● **Provided data**:
::::::

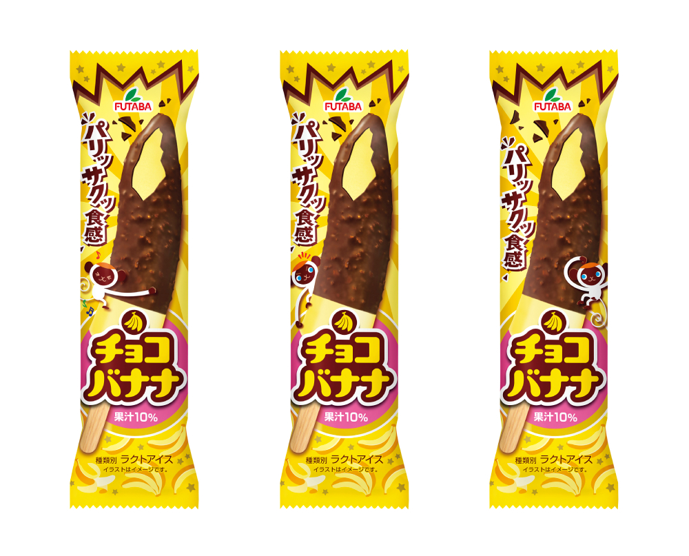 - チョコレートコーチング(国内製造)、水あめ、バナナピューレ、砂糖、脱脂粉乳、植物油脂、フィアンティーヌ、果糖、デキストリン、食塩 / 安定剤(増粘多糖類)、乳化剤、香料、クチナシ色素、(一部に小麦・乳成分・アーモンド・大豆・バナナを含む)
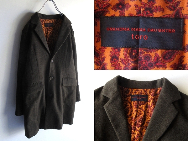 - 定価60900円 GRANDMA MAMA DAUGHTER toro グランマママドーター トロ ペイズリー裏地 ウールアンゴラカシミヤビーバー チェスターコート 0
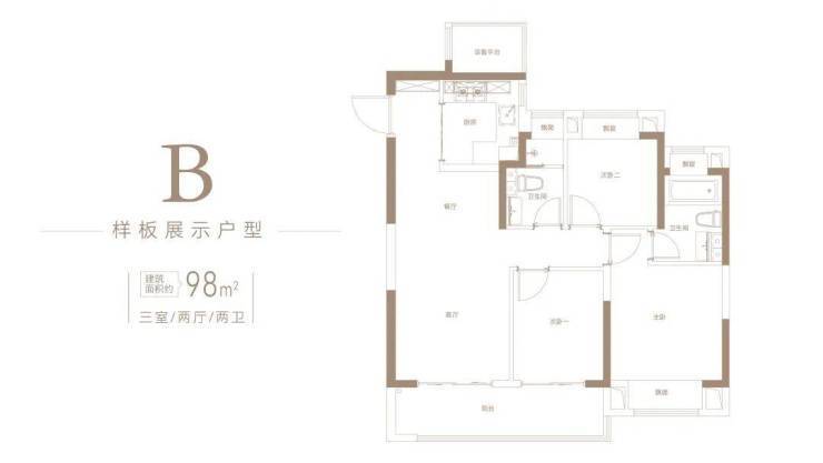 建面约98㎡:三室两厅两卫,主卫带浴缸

::::::

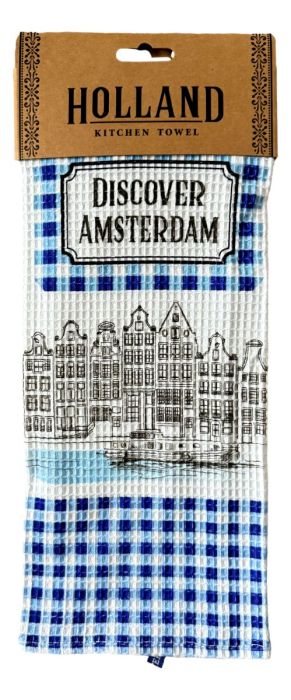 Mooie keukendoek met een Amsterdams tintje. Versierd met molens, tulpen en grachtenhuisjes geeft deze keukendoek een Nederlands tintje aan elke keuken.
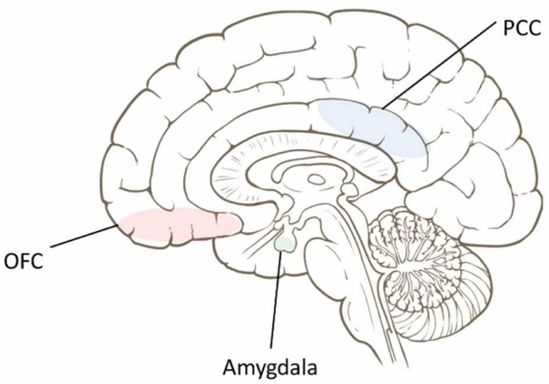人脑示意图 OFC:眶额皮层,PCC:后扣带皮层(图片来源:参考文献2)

::::::

● **Exercise brief**: The expected output is the lines above from the one containing "Mooie keukendoek met" to the one containing "人脑示意图 OFC:眶额皮层,PCC:后扣带皮层(图片来源:参考文献2)", both ends included, reproduced exactly with every picture left out.

● **Solved problem**:
 Mooie keukendoek met een Amsterdams tintje. Versierd met molens, tulpen en grachtenhuisjes geeft deze keukendoek een Nederlands tintje aan elke keuken.
人脑示意图 OFC:眶额皮层,PCC:后扣带皮层(图片来源:参考文献2)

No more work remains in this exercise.